Rafa Esparza, Bâtiment : un simulacre de pouvoir, 2014. Performance sur le site de The Unfinished de Michael Parker (2014). Photographie de Dylan Schwartz.Photo : Dylan Schwartz/Avec l'aimable autorisation de Clockshop
La Biennale de Whitney 2017 s’est retrouvée prise dans un vent contraire politique proche de l’extinction. La recherche et la sélection pour l'exposition ont commencé en 2015, à l'apogée de l'ère d'Obama, l'apothéose de la politique granulaire de l'identité et des subjectivités multiples, l'enquête systémique sur les structures socio-économiques, les biographies et l'autobiographie, la montée des récits de traumatismes personnels et la montée continue des récits de traumatismes personnels. tente de rétablir les faits historiques. Il s’agissait de la première biennale organisée dans un tout nouveau et magnifique bâtiment du centre-ville, dédiée à ces vérités progressistes que le monde de l’art considère comme allant de soi (et que Michelle Obama, en fait, avait contribué à inaugurer). La moitié du spectacle est composée de femmes et de personnes de couleur ; il n’y a pas de stars de l’art ni d’empreintes lourdes de méga-galeries ou de marché. L’arc de l’histoire était libéral.

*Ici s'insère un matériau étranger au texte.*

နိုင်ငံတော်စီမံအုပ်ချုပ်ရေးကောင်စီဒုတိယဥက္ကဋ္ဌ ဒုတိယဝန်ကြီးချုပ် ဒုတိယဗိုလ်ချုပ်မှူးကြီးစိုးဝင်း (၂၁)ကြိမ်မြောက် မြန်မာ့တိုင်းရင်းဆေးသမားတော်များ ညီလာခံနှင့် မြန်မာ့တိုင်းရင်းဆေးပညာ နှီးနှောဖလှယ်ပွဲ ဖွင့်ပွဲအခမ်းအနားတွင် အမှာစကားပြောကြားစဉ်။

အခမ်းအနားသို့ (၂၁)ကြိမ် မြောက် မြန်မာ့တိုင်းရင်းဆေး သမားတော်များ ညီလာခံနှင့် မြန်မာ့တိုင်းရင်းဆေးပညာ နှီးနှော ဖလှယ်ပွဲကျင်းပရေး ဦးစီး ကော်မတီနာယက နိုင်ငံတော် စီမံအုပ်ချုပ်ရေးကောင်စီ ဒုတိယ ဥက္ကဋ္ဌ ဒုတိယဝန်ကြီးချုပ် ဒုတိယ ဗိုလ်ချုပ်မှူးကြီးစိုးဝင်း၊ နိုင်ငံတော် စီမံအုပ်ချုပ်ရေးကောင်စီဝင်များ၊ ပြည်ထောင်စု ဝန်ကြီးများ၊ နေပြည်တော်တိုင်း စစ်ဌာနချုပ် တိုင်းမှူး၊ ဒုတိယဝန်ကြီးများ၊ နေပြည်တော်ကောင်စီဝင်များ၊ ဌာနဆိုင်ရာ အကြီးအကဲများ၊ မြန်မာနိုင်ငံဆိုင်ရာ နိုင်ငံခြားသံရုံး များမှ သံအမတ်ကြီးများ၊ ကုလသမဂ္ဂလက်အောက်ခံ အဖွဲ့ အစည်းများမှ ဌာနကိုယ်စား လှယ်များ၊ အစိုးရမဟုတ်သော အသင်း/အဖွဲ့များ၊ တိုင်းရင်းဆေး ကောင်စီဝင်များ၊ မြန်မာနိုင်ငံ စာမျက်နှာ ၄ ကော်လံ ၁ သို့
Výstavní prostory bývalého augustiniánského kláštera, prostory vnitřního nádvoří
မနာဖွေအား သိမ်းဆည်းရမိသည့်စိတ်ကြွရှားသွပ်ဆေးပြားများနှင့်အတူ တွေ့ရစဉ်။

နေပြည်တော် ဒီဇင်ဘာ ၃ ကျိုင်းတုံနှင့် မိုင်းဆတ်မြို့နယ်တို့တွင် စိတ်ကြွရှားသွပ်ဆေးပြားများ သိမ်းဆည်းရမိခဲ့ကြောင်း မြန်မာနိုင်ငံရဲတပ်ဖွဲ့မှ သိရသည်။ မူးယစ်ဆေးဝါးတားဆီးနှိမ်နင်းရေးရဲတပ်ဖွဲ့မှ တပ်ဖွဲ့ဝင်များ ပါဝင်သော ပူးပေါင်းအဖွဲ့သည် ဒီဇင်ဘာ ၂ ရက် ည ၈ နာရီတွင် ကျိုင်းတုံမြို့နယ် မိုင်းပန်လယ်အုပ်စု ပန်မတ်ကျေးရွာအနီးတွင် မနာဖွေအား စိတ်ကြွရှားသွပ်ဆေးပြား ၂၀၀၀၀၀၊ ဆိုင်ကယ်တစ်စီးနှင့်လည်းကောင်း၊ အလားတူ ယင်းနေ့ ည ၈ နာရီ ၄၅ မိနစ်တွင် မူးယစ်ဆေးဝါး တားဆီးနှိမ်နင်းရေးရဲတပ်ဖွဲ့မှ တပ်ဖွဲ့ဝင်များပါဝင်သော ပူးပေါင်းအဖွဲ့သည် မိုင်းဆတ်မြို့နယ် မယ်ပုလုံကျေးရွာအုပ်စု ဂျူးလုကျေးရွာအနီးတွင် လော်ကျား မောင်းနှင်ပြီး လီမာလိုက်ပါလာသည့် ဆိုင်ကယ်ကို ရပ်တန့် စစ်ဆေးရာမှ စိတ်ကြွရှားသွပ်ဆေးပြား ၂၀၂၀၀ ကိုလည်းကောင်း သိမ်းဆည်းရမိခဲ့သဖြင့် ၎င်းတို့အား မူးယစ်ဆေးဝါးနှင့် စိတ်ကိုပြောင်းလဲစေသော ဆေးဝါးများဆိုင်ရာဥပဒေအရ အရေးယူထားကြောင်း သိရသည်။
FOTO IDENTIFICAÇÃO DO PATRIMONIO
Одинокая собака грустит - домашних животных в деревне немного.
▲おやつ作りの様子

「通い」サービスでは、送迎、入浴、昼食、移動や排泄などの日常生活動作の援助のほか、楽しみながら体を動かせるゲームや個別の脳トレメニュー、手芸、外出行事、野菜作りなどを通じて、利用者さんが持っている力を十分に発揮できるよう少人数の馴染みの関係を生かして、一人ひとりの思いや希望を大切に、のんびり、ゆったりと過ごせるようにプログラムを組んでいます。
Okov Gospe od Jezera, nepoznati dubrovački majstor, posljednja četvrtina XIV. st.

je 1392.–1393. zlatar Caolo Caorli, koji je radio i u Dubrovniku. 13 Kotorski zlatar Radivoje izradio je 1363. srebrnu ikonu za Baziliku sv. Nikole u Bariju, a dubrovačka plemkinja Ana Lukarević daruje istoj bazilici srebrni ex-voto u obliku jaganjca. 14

Puis, le 8 novembre 2016, l’histoire a sauté le pas et nous nous sommes tous retrouvés sur le pont d’un Titanic socio-politique. Ainsi, la Biennale de Whitney 2017 a été organisée à une époque et existe à une autre. J'ai principalement demandé aux deux conservateurs américains d'origine asiatique d'une trentaine d'années, Christopher Y. Lew et Mia Locks, s'ils avaient modifiérienaprès les élections. Hochant la tête avec une compréhension patiente mais inébranlable, tous deux ont déclaré fermement : « Nous n'avons pas changé de cap. » Il s’agit donc, de toute évidence, de la première, de la dernière et de la seule biennale d’Hillary Clinton.

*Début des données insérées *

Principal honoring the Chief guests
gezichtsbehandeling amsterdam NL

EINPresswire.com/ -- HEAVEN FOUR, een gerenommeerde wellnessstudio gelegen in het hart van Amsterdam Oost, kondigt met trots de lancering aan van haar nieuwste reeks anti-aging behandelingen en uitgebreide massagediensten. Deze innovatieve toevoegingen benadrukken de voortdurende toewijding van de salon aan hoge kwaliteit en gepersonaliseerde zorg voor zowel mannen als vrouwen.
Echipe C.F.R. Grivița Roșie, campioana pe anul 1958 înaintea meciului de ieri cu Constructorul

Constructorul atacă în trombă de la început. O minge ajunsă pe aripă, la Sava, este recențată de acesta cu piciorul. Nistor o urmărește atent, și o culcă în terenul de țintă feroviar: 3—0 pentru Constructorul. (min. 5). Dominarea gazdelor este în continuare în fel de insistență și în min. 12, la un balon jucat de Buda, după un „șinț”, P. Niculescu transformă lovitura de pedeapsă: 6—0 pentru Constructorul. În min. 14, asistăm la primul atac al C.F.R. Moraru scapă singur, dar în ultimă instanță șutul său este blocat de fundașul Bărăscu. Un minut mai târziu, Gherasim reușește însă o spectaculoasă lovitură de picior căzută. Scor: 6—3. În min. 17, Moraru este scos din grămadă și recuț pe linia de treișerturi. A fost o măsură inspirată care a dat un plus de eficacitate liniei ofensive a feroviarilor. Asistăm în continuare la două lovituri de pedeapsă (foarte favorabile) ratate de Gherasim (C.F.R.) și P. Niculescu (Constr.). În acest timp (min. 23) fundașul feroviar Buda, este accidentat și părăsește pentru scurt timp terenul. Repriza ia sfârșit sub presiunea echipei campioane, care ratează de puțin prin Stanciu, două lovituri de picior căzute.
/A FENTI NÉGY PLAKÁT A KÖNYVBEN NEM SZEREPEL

Mais cela ne veut pas dire que c'est décalé, sympa, déconnecté, ou juste autant de flocons de neige d'une autre époque. Au lieu de cela et de manière pressante, même avec des hauts et des bas, des défauts et tout, la Biennale de Whitney 2017 est la meilleure du genre depuis un certain temps pour les multiples façons dont elle révèle comment - sélectionnée telle quelle, sans dogme politique et esthétique surdéterminé, et sans conservateurs. restant ouvert aux exigences du plaisir et aux manières mystérieuses dont l'art mute mais ne rattrape pas son retard - une exposition d'artistes simplement au travail, qu'il s'agisse de peintures expressionnistes, de constructions fonctionnelles idiosyncrasiques, de projections plus lointaines les rives du conceptualisme socialement activiste, ou documentant l'effondrement des écosystèmes ou la dynamique familiale - que les artistes sonttoujoursaborder et canaliser les problèmes du jour. Avec gravité, grâce, intensité.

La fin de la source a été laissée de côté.